Regular reader/commenter John Cowan wrote a few weeks ago to ask:

Would you consider polling your readership for their pronunciation of aberrant?  The OED2 gives only penultimate stress (the OED3 hasn't reached the word yet); m-w.com gives both initial and penultimate stress. My sense is that initial stress is far more common, partly because I've only heard that, and partly because of the frequent misspelling "abberant", which would be regular for initial stress.  But there may be an AmE/BrE factor at work here.
Unlike John, I only really know the penultimate stress version (aBERrant rather than ABerrant).  Just to prove me exceptional (doesn't that sound better than wrong?), my mother has just pronounced it with first-syllable stress.  On other recent occasions, I've heard the ABerrant pronunciation and assumed it to be from someone who's less than familiar with the word.  I know it, and have feelings about it, because  I had to learn for vocabulary quizzes in (AmE) 9th grade.  Last week I went to the funeral of the teacher who made me so judg(e)mental about other people's pronunciations.  Rest in peace, Mrs(.) Biddle!

I was interested to read the American Heritage Dictionary Usage Panel's take on the matter:
Traditionally aberrant has been pronounced with stress on the second syllable.
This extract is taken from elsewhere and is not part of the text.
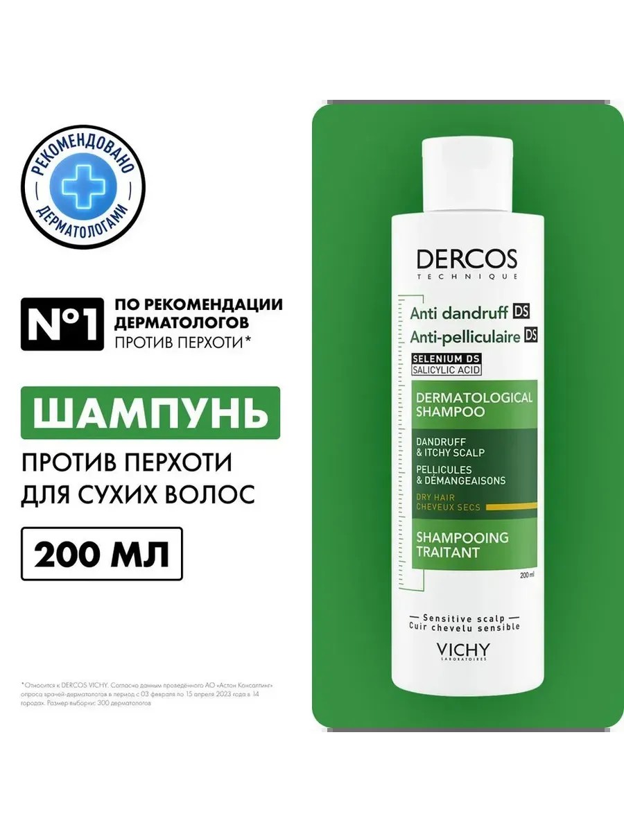 Шампунь Dercos DS от Vichy – идеальное решение для тех, кто страдает от перхоти и ищет эффективный уход за сухими волосами.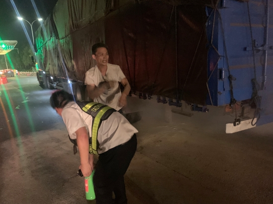 貨車起火,收費(fèi)員齊力撲滅 |

In recent years, however, a pronunciation with stress on the first syllable has become equally common and may eventually supplant the older pronunciation. This change is owing perhaps to the influence of the words aberration and aberrated, which are stressed on the first syllable. The Usage Panel was divided almost evenly on the subject: 45 percent preferred the older pronunciation and 50 percent preferred the newer one. The remaining 5 percent of the Panelists said they use both pronunciations. 
 So, that's America.  What about the UK?  The Oxford BBC Guide to Pronunciation offers the older pronunciation only--but the fact that the word has made it into the guide probably indicates some insecurity about how it should be pronounced.  John Wells's Longman Pronunciation Dictionary lists both (older first) with no comment.  He's graciously responded to my email on the topic, saying:

Our stress rules for Latin and Greek words give stress on the -err- because of the geminated consonant (i.e. double in Latin and in spelling). Compare "venerate" with single r. So penultimate stress is what we expect, and the only form given in the OED.  However I have heard initial stress occasionally. I have no statistics on how widespread this might be.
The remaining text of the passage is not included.